An alternative issue relating to the dynamic nature of relationships and spe­cifically focusing on temporality comes from Mota and De Castro (2005) who point out that due to the learning processes that take place in relationships, the dimensions used to assess customer portfolios need to be changed to reflect such learning processes. Taken to the extreme, this implies that a dynamic set of axes need to be employed to cater for learning and capability development within relationships and especially those with key customers.

Customer lifetime value and other financially derived models

The manner in which customer portfolios are used to guide the day-to-day management of relationships has also evolved into a discussion of customer lifetime value, and customer portfolio lifetime value, e.g. Johnson and Selnes (2004). Johnson and Selnes (2004) highlight the dynamic nature of such relationship management processes. They focus on value creation and the different ways in which it is created as their portfolio analysis criteria and note three different strategies for customer value creation: ‘parity value, differential value and customized value’ (p. 2). However, the calculation of lifetime customer value is fraught with difficulties; it relies on predictions and the categorization of customers into a typology of strangers, acquaintances, friends and partners (Johnson and Selnes 2004) and implies a progression to increased value. This progression towards increased value or profit was also included in Shapiro et al.'s (1987) work. However, Turnbull and Zolkiewski's (1997) empirical work does not reflect an upwards steady progression of profit; rather, their results show that ‘partner’ relationships (key accounts) may not provide the increase in value or profitability that is anticipated. It may be that this type of projection is not reflective of the dynamics and uncertainty in the environment. Additionally, it supports Håkansson and Snehota's (1995) views that close relationships can be restrictive and preclude a company from more profitable interactions. Perhaps it is more important that this type of analysis should encourage a company to consider how it can balance its stronger and weaker relationships (Johnson and Selnes 2004) and reflect critically upon which customers it identifies as key accounts.
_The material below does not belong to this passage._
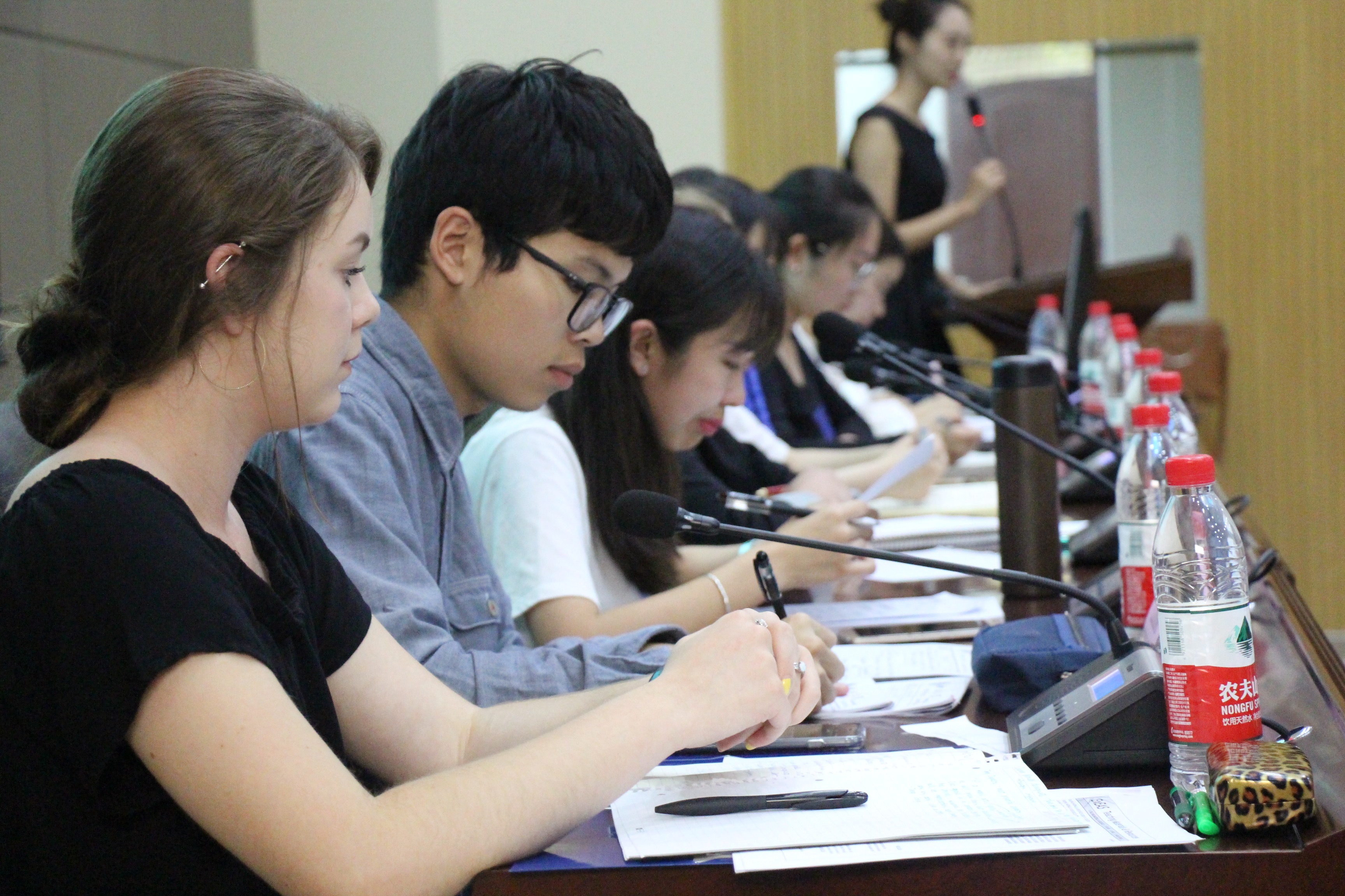 下午2:30,辩论赛正式开始。本次辩论赛分为两组,以“唐僧应该被任命为外交部长”“钢铁侠应该代替特朗普当选总统”为论题,采用英国议会制赛制,中美辩手两两组成四支辩论队伍,展开了激烈的辩论。

Nonetheless, the use of financial models and theory to calculate portfolio value as a tool to optimize customer portfolio performance and management has been receiving increasing attention (Ryals 2002, 2003; Tarasi et al. 2011). Ryals (2002) considers the implications of using financial metrics to calculate the value of a customer or segment by looking at the ratio determined by comparing future cash flows with the weighted average cost of capital. She notes the difficulties of assessing customer risk and suggests that the traditional risk scorecard may not capture all the risks associated with a customer, e.g. risk related to changes in purchasing patterns. Ryals (2002) then promotes the view that incorporating an awareness of customer risk can help managers develop targeted relationship strategies to both reduce risk and increase the value of the customer/key account.

Tarasi et al. (2011) illustrate that financial portfolio theory can be used to develop an efficient customer portfolio that appears to outperform the firm in question's existing portfolio. Notwithstanding the actual limitations of the analysis undertaken, financial portfolio theory can be argued to be problematic. Selnes (2011) observes that marketers have always taken a simple diversification approach to their customer portfolios, but financial portfolios are more complex, aiming for low correlation of returns. Tarasi et al.'s (2011) approach equates customers to financial assets which, according to Selnes (2011), does not take into account issues such as how the customer portfolio relates to a company's production function or innovation. Nor does this allow for recognition of the strategic need to identify key customers. At the same time this approach adds to the complexity versus simplicity argument that relates to the dimensions used in the analysis, where too much complexity may obscure the simplicity of the portfolio approach and too little may mean that important variables are overlooked (Gök 2009; Olsen and Ellram 1997).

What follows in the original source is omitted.